DNC chair says party targeting states including Florida, North Carolina
Democratic National Committee (DNC) Chair Jaime Harrison argued Sunday that the enthusiasm for Vice President Harris’s campaign has made Florida and North Carolina competitive for the November election, as Democrats look to expand their target map.
“I have never seen this type of energy, this type of organizing, grassroots organizing, and in all my years of being involved in politics,” Harrison said in an MSNBC “The Weekend” interview.
Harris’s campaign raised more than $200 million in its first week, and signed up more than 170,000 volunteers. Harrison said Democrats are more likely to go on offense now that Harris is at the top of the ticket.
“We have over 1100 staff across the country in our battleground states, that’s not counting in our nonbattleground states. We have over 200 offices across the battleground states,” he said. “We are supporting also through our red state program states that are not battlegrounds, but we believe we can be competitive, and so that’s happening right now.”
“This is an energy on the ground I have not seen since Barack Obama in 2008,” he continued. “And I’m telling folks, don’t sleep on Florida, don’t sleep on North Carolina, because we are going to have the boots on the ground to win those tight, close elections.”

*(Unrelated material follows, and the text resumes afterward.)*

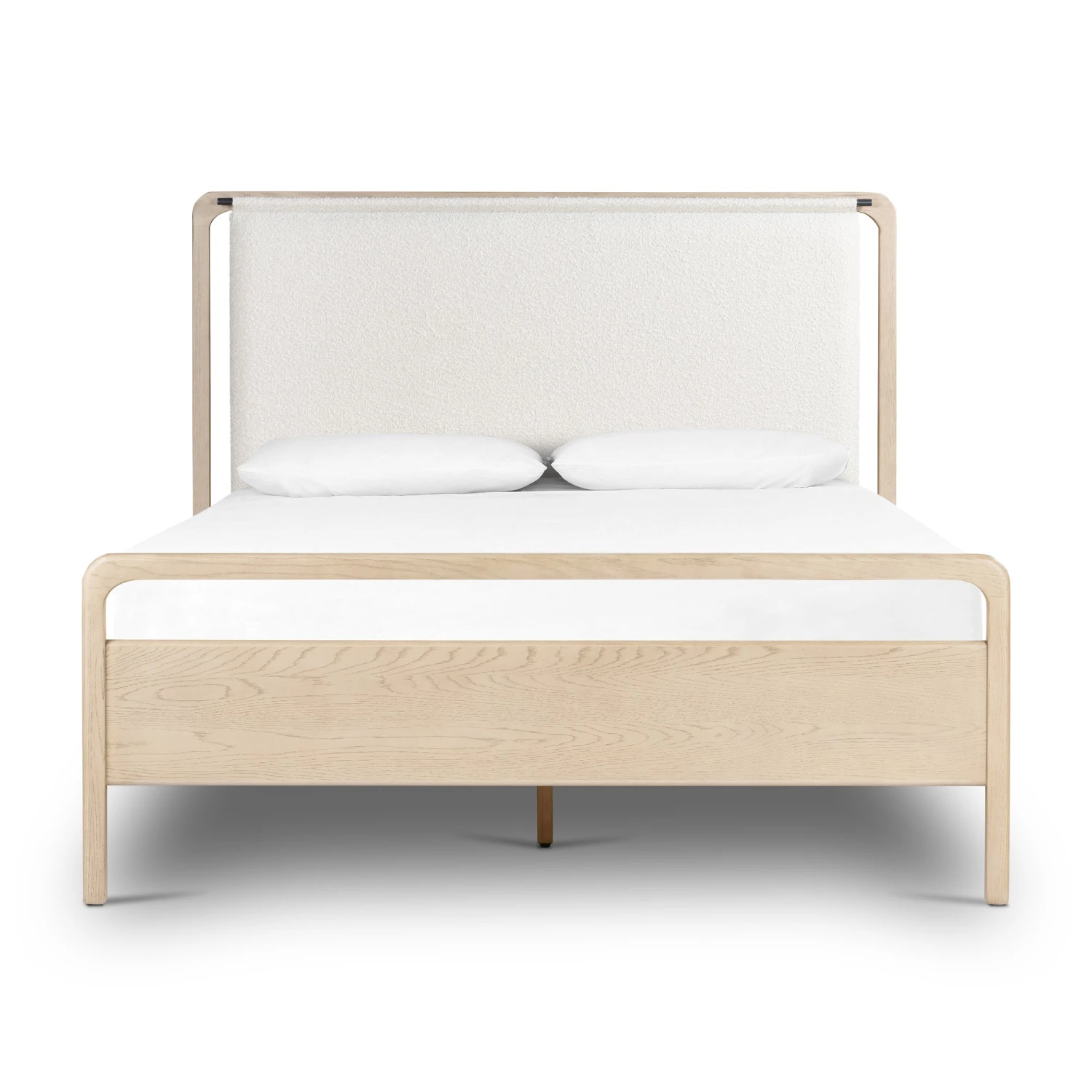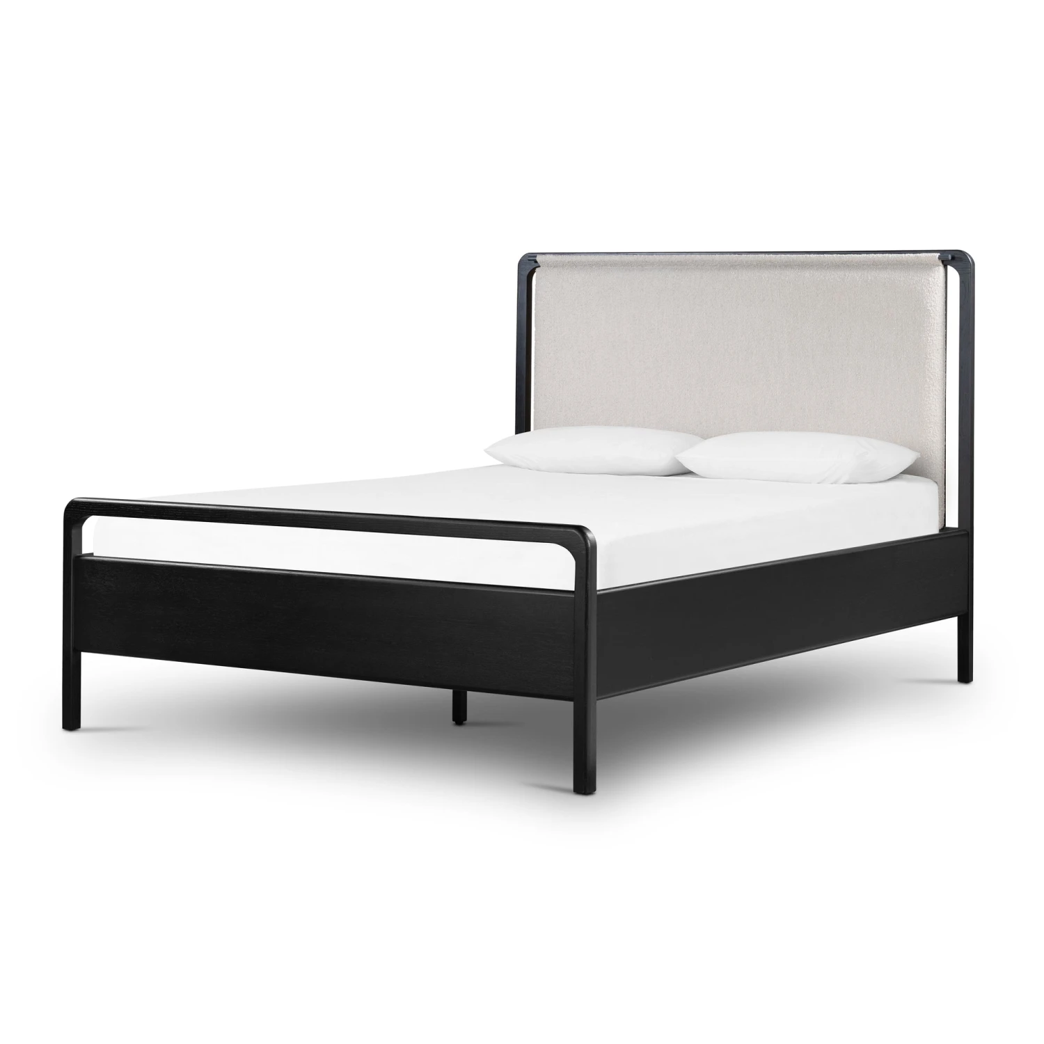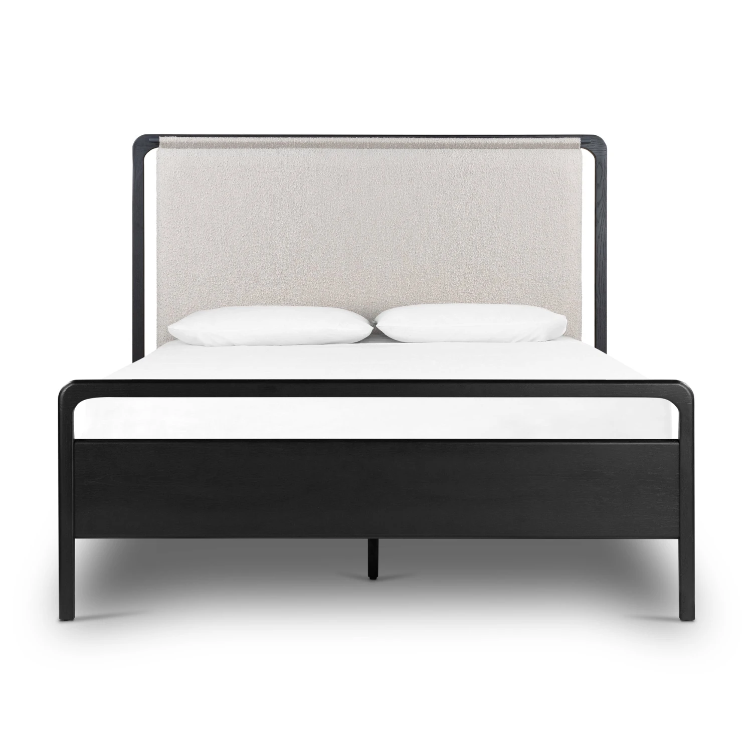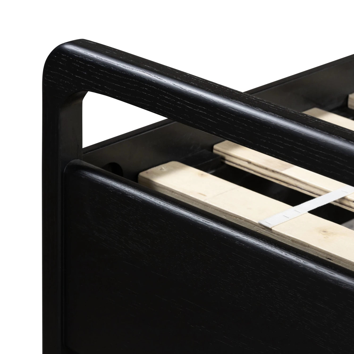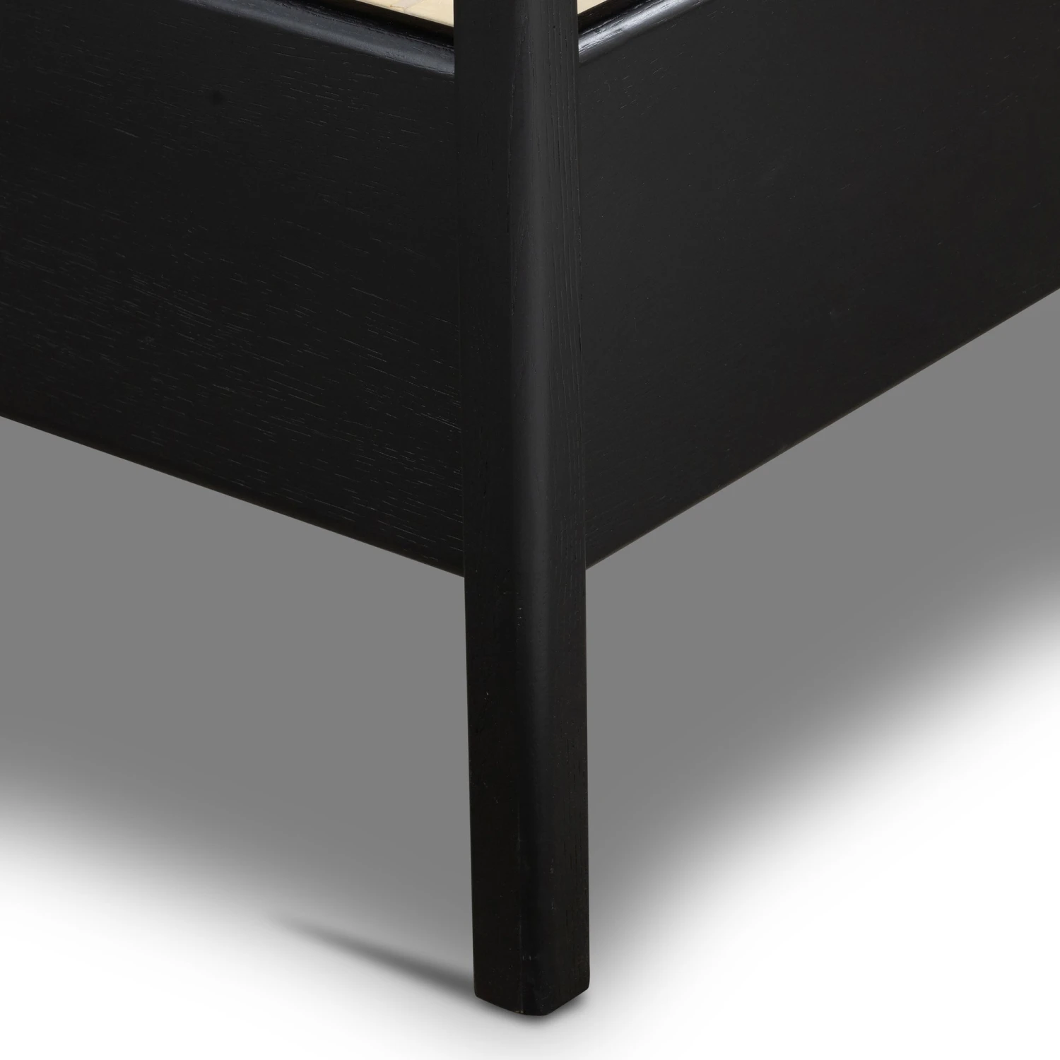 Ebony-finished oak frames a sling-style headboard made from high-performance fabric. Performance fabrics are specially created to withstand spills, stains, high traffic and wear, ensuring long-term comfort and unmatched durability. This bed is not compatible with an adjustable mattress.

Biden’s campaign polling found the president far behind former President Trump in states such as North Carolina, Georgia and Florida. Now, with Harris at the top of the Democratic ticket, recent polling has found the vice president within striking distance in some of those states.
Sen. Jon Ossoff (D-Ga.) is also bullish on Harris’s chances in the South, telling MSNBC earlier Sunday that he believes the vice president will take Georgia.
“She’s rapidly united the Democratic Party behind her candidacy, sees the momentum in this head-to-head race against former President Trump, and she’s electrifying volunteers and grassroots Democrats across the country,” he continued. “She’s put Georgia in play.”
Harris has significantly outperformed Biden in polling among young people, Black voters and Hispanic voters, key demographics that could decide swing states like Georgia and Arizona.
Democrats have quickly coalesced around Harris, with her campaign already gathering enough committed delegates to effectively lock up the party’s nomination. No other candidate has challenged Harris for the nomination, and her campaign has broken numerous fundraising records as it attempts to make up for a late start.
Polling has shown Harris improving over Biden’s figures against Trump, though now all attention is on who her own vice presidential candidate will be.